Task statement
Word for word, copy the data that follows and skip its pictures.

Extracted data

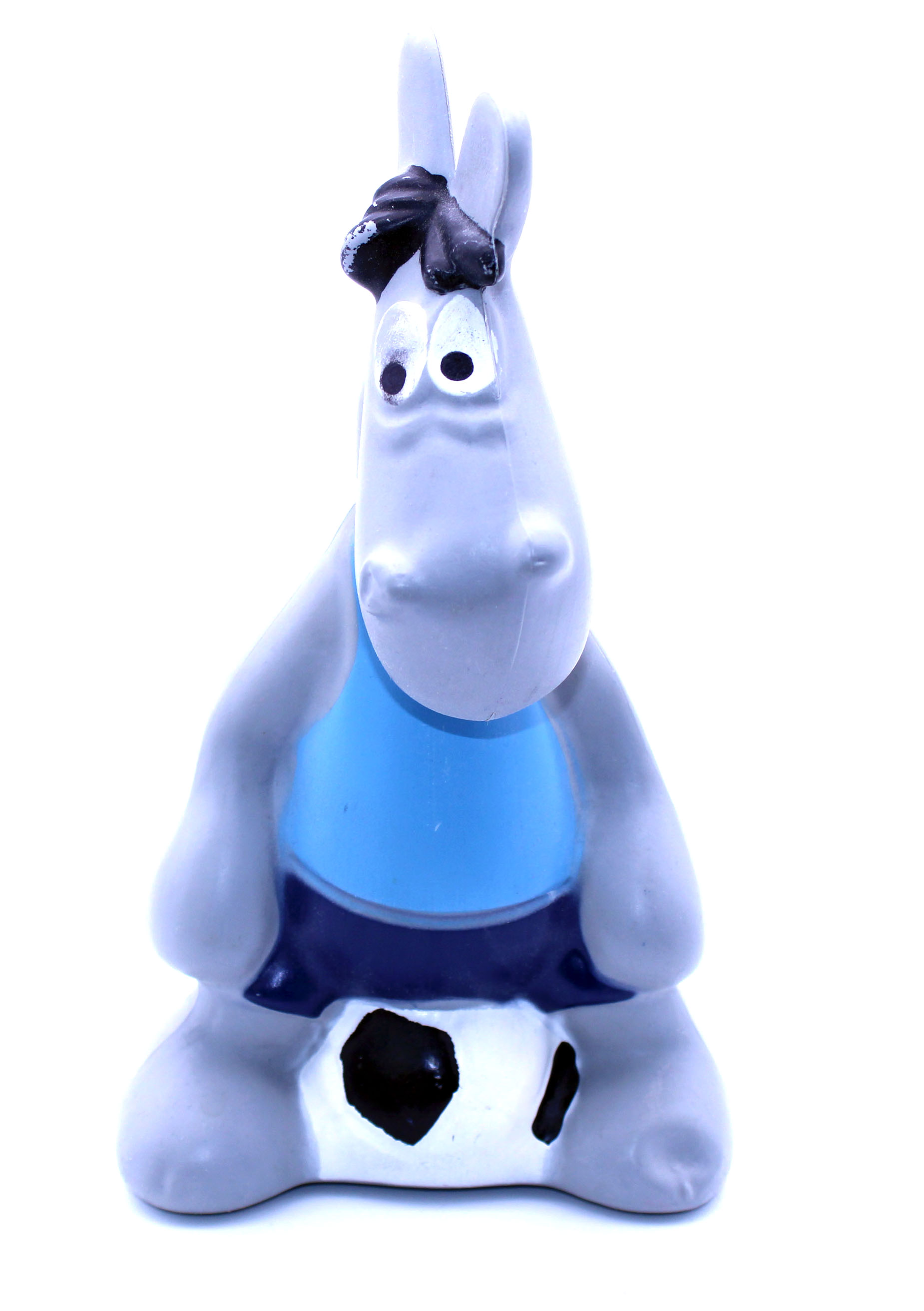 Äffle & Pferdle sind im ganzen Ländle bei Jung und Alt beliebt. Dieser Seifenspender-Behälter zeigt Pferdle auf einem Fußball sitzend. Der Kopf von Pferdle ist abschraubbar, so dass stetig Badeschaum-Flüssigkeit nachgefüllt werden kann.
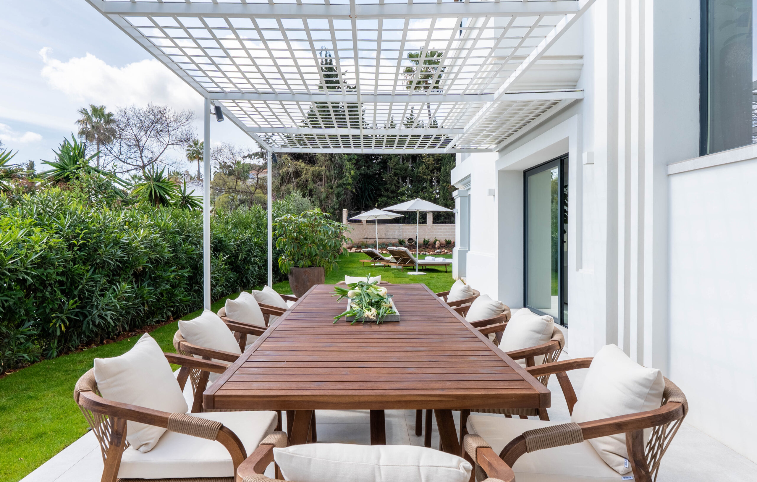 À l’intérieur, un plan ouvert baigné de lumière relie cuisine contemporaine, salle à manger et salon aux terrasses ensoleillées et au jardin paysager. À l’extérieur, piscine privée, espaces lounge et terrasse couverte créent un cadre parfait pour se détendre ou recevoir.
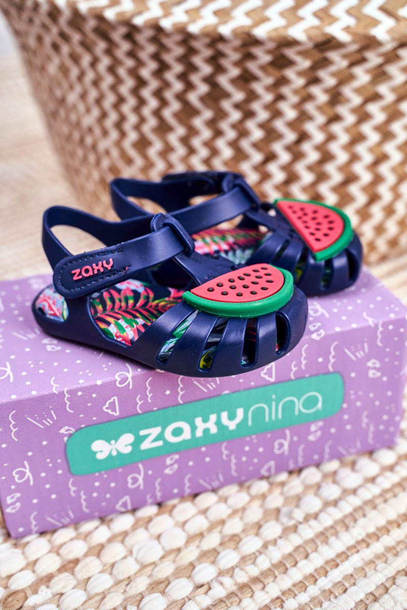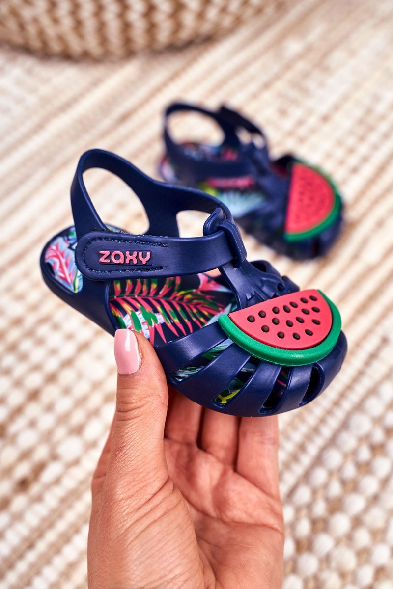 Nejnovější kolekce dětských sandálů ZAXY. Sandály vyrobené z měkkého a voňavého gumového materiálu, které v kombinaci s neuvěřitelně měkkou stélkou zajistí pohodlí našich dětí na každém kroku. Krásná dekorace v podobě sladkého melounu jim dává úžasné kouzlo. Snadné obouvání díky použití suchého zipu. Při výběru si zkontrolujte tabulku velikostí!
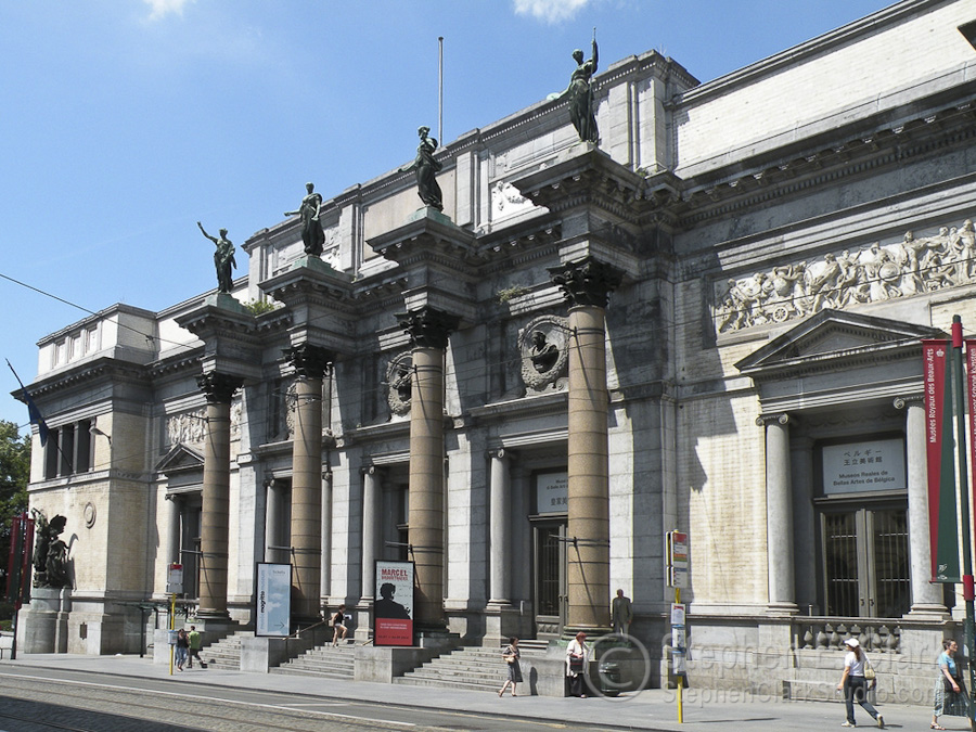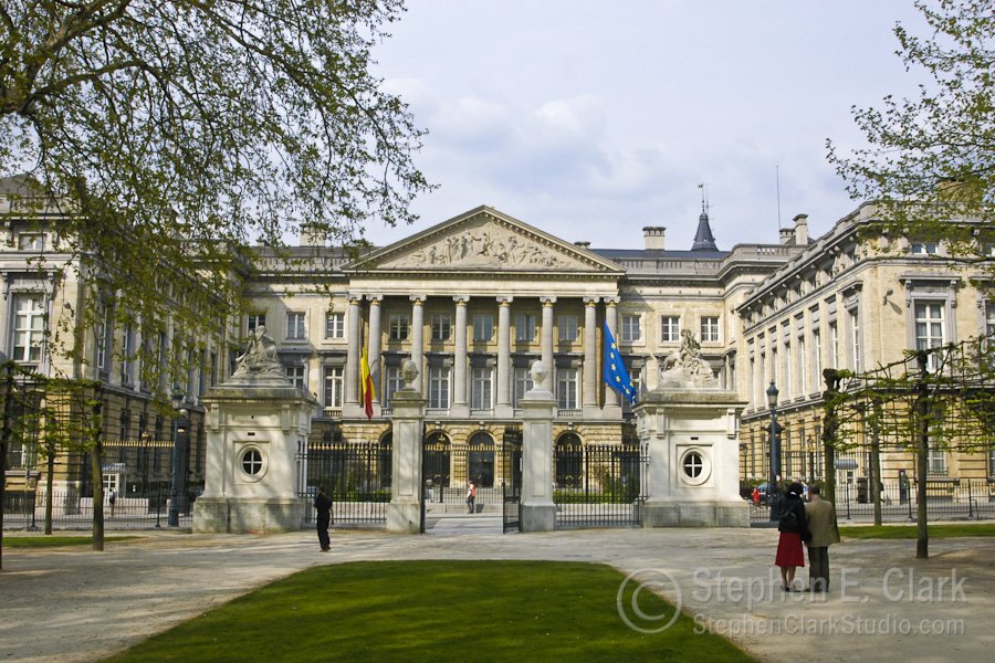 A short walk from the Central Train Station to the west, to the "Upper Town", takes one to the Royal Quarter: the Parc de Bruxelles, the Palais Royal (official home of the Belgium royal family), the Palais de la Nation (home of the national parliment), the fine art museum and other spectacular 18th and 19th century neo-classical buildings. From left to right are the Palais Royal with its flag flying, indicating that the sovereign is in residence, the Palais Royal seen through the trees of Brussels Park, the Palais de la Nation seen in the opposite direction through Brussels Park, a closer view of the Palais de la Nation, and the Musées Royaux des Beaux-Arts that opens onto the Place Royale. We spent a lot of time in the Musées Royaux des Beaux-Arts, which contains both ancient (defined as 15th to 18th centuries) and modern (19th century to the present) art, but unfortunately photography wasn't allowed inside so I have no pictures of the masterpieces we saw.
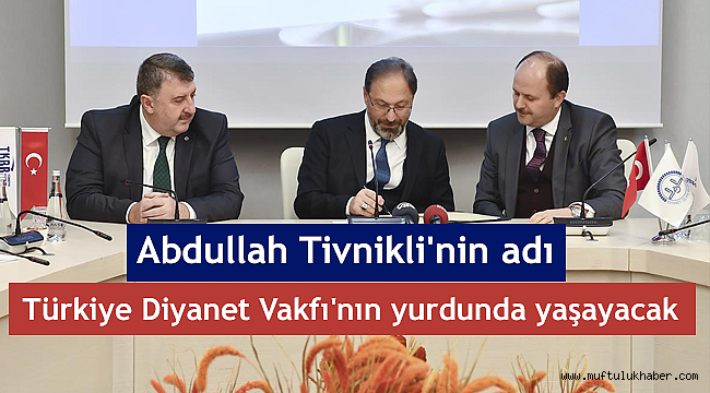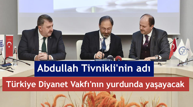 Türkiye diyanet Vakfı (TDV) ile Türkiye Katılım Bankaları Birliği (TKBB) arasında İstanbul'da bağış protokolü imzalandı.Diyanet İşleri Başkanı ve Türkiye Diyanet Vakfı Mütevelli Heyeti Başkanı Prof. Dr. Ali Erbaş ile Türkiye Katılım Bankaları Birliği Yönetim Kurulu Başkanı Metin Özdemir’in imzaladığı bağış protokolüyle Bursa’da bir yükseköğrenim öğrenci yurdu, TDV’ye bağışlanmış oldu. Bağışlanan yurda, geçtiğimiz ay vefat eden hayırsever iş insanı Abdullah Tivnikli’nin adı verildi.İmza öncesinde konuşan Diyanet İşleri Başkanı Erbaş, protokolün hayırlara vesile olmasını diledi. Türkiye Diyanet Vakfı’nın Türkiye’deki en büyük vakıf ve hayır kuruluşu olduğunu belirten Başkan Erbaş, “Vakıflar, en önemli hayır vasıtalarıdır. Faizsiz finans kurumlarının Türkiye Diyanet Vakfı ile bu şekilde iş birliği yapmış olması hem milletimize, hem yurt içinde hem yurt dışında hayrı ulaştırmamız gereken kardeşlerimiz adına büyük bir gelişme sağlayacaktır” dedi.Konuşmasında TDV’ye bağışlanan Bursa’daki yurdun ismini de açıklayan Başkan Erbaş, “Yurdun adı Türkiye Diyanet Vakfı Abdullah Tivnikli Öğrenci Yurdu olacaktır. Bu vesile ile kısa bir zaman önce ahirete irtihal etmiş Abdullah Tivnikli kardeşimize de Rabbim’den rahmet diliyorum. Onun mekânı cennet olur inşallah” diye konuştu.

Answer to this problem
 Äffle & Pferdle sind im ganzen Ländle bei Jung und Alt beliebt. Dieser Seifenspender-Behälter zeigt Pferdle auf einem Fußball sitzend. Der Kopf von Pferdle ist abschraubbar, so dass stetig Badeschaum-Flüssigkeit nachgefüllt werden kann.
 À l’intérieur, un plan ouvert baigné de lumière relie cuisine contemporaine, salle à manger et salon aux terrasses ensoleillées et au jardin paysager. À l’extérieur, piscine privée, espaces lounge et terrasse couverte créent un cadre parfait pour se détendre ou recevoir.
 Nejnovější kolekce dětských sandálů ZAXY. Sandály vyrobené z měkkého a voňavého gumového materiálu, které v kombinaci s neuvěřitelně měkkou stélkou zajistí pohodlí našich dětí na každém kroku. Krásná dekorace v podobě sladkého melounu jim dává úžasné kouzlo. Snadné obouvání díky použití suchého zipu. Při výběru si zkontrolujte tabulku velikostí!
 A short walk from the Central Train Station to the west, to the "Upper Town", takes one to the Royal Quarter: the Parc de Bruxelles, the Palais Royal (official home of the Belgium royal family), the Palais de la Nation (home of the national parliment), the fine art museum and other spectacular 18th and 19th century neo-classical buildings. From left to right are the Palais Royal with its flag flying, indicating that the sovereign is in residence, the Palais Royal seen through the trees of Brussels Park, the Palais de la Nation seen in the opposite direction through Brussels Park, a closer view of the Palais de la Nation, and the Musées Royaux des Beaux-Arts that opens onto the Place Royale. We spent a lot of time in the Musées Royaux des Beaux-Arts, which contains both ancient (defined as 15th to 18th centuries) and modern (19th century to the present) art, but unfortunately photography wasn't allowed inside so I have no pictures of the masterpieces we saw.
 Türkiye diyanet Vakfı (TDV) ile Türkiye Katılım Bankaları Birliği (TKBB) arasında İstanbul'da bağış protokolü imzalandı.Diyanet İşleri Başkanı ve Türkiye Diyanet Vakfı Mütevelli Heyeti Başkanı Prof. Dr. Ali Erbaş ile Türkiye Katılım Bankaları Birliği Yönetim Kurulu Başkanı Metin Özdemir’in imzaladığı bağış protokolüyle Bursa’da bir yükseköğrenim öğrenci yurdu, TDV’ye bağışlanmış oldu. Bağışlanan yurda, geçtiğimiz ay vefat eden hayırsever iş insanı Abdullah Tivnikli’nin adı verildi.İmza öncesinde konuşan Diyanet İşleri Başkanı Erbaş, protokolün hayırlara vesile olmasını diledi. Türkiye Diyanet Vakfı’nın Türkiye’deki en büyük vakıf ve hayır kuruluşu olduğunu belirten Başkan Erbaş, “Vakıflar, en önemli hayır vasıtalarıdır. Faizsiz finans kurumlarının Türkiye Diyanet Vakfı ile bu şekilde iş birliği yapmış olması hem milletimize, hem yurt içinde hem yurt dışında hayrı ulaştırmamız gereken kardeşlerimiz adına büyük bir gelişme sağlayacaktır” dedi.Konuşmasında TDV’ye bağışlanan Bursa’daki yurdun ismini de açıklayan Başkan Erbaş, “Yurdun adı Türkiye Diyanet Vakfı Abdullah Tivnikli Öğrenci Yurdu olacaktır. Bu vesile ile kısa bir zaman önce ahirete irtihal etmiş Abdullah Tivnikli kardeşimize de Rabbim’den rahmet diliyorum. Onun mekânı cennet olur inşallah” diye konuştu.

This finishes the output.